COLLECTED MATERIAL:
-- Opening Marker --

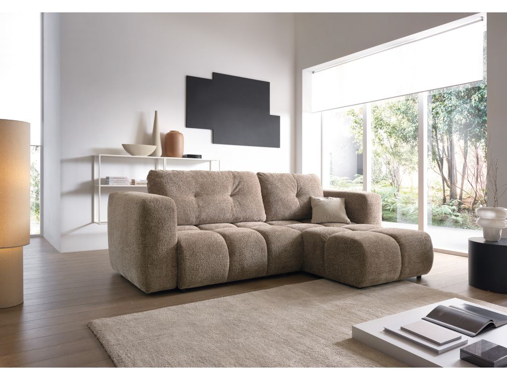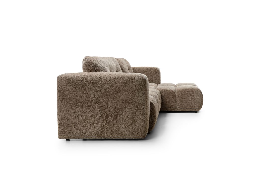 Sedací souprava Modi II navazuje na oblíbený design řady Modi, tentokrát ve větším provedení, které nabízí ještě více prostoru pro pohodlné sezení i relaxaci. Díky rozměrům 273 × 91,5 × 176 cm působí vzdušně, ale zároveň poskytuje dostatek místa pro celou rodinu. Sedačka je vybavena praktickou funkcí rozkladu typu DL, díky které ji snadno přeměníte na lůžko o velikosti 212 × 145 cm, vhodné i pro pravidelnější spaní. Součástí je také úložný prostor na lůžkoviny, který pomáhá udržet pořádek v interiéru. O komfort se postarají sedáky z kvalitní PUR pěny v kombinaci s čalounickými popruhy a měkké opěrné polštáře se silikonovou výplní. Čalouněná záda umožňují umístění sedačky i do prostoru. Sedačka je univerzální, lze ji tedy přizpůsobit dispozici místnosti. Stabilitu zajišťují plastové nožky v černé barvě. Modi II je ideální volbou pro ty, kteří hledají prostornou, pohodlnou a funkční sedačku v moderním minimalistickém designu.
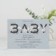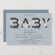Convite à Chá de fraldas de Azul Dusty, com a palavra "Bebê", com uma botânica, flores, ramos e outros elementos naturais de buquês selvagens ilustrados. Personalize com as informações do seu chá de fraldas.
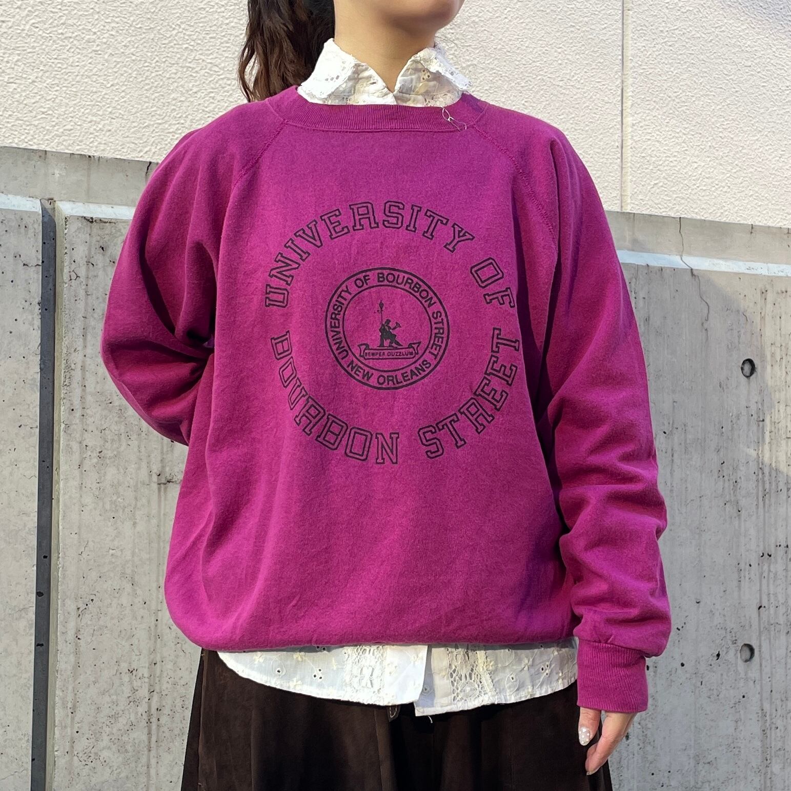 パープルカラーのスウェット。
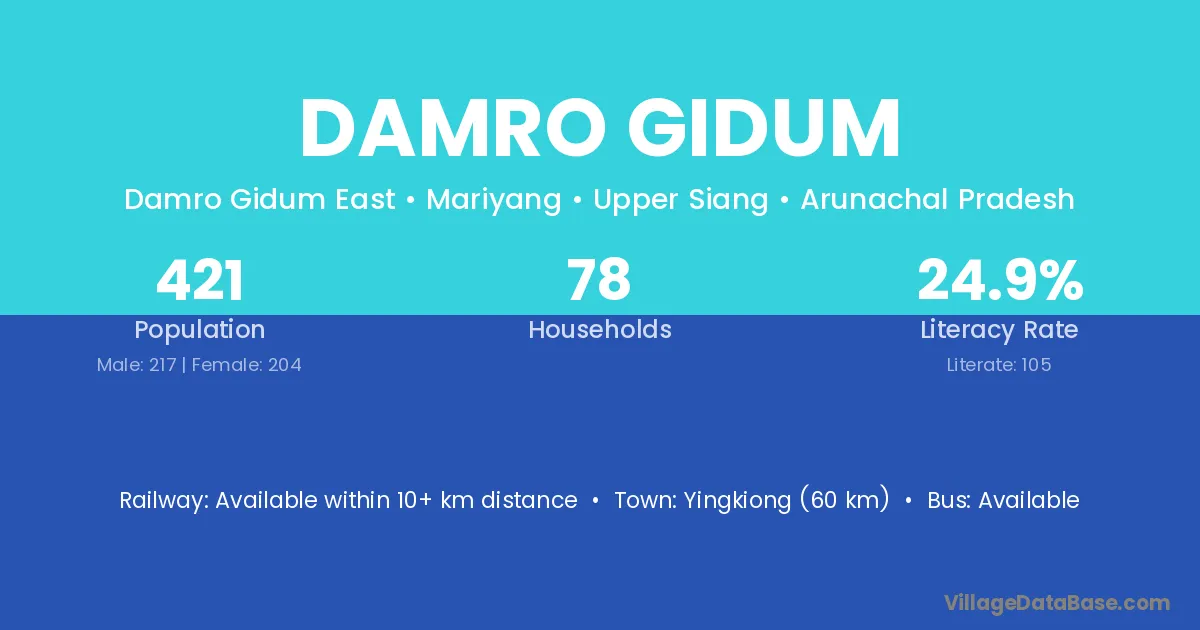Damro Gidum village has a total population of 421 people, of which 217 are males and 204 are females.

-- Closing Marker --

DIRECTIONS FOR THIS TASK: Pictures stay out of the copy; print the material above exactly.

ANSWER BOX:
 Sedací souprava Modi II navazuje na oblíbený design řady Modi, tentokrát ve větším provedení, které nabízí ještě více prostoru pro pohodlné sezení i relaxaci. Díky rozměrům 273 × 91,5 × 176 cm působí vzdušně, ale zároveň poskytuje dostatek místa pro celou rodinu. Sedačka je vybavena praktickou funkcí rozkladu typu DL, díky které ji snadno přeměníte na lůžko o velikosti 212 × 145 cm, vhodné i pro pravidelnější spaní. Součástí je také úložný prostor na lůžkoviny, který pomáhá udržet pořádek v interiéru. O komfort se postarají sedáky z kvalitní PUR pěny v kombinaci s čalounickými popruhy a měkké opěrné polštáře se silikonovou výplní. Čalouněná záda umožňují umístění sedačky i do prostoru. Sedačka je univerzální, lze ji tedy přizpůsobit dispozici místnosti. Stabilitu zajišťují plastové nožky v černé barvě. Modi II je ideální volbou pro ty, kteří hledají prostornou, pohodlnou a funkční sedačku v moderním minimalistickém designu.
Convite à Chá de fraldas de Azul Dusty, com a palavra "Bebê", com uma botânica, flores, ramos e outros elementos naturais de buquês selvagens ilustrados. Personalize com as informações do seu chá de fraldas.
 パープルカラーのスウェット。
Damro Gidum village has a total population of 421 people, of which 217 are males and 204 are females.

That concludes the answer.